What this task involves:
Copy only what lies from the line containing "2、設(shè)置書櫥的標(biāo)題、描述、小圖標(biāo)" through the line containing "Secondly, we observed" in the entries below, keeping both end lines exact and dropping every picture.

Material provided:

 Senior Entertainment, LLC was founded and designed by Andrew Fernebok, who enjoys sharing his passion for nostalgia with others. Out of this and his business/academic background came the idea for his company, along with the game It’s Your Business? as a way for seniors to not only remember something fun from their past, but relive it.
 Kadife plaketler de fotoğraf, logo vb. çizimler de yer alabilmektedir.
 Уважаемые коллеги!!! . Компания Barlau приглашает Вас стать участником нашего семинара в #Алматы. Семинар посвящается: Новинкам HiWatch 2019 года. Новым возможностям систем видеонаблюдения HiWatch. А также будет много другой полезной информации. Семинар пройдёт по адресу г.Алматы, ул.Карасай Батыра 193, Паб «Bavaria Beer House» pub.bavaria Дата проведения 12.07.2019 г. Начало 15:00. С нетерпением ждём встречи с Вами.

--

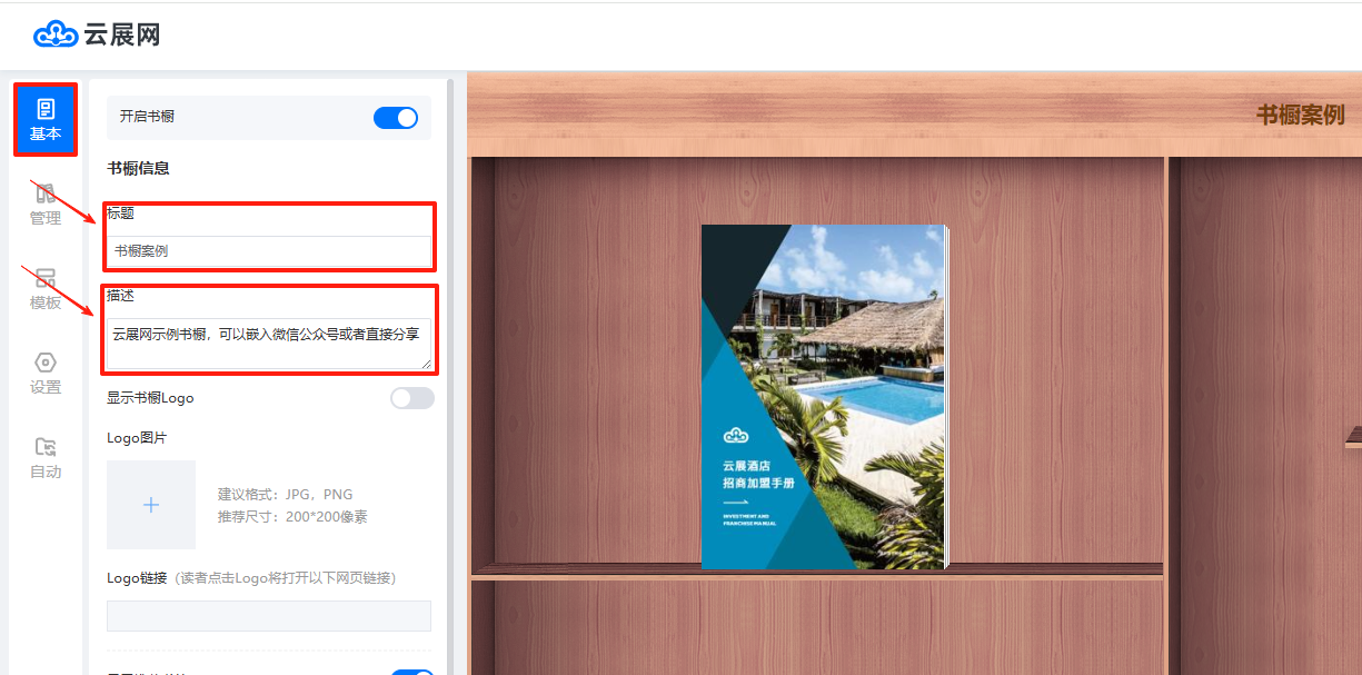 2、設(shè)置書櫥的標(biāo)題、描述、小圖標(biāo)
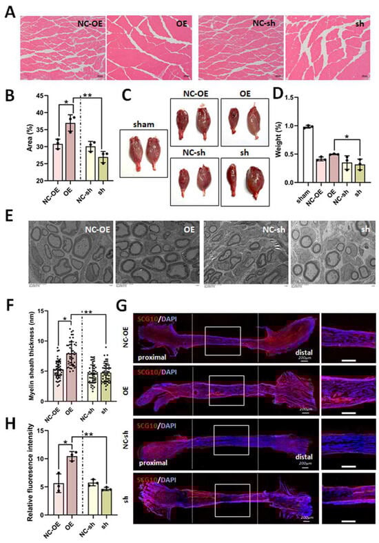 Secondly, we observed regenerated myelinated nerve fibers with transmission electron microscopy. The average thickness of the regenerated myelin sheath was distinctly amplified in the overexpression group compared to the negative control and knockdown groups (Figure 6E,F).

Exercise response:
 2、設(shè)置書櫥的標(biāo)題、描述、小圖標(biāo)
 Secondly, we observed regenerated myelinated nerve fibers with transmission electron microscopy. The average thickness of the regenerated myelin sheath was distinctly amplified in the overexpression group compared to the negative control and knockdown groups (Figure 6E,F).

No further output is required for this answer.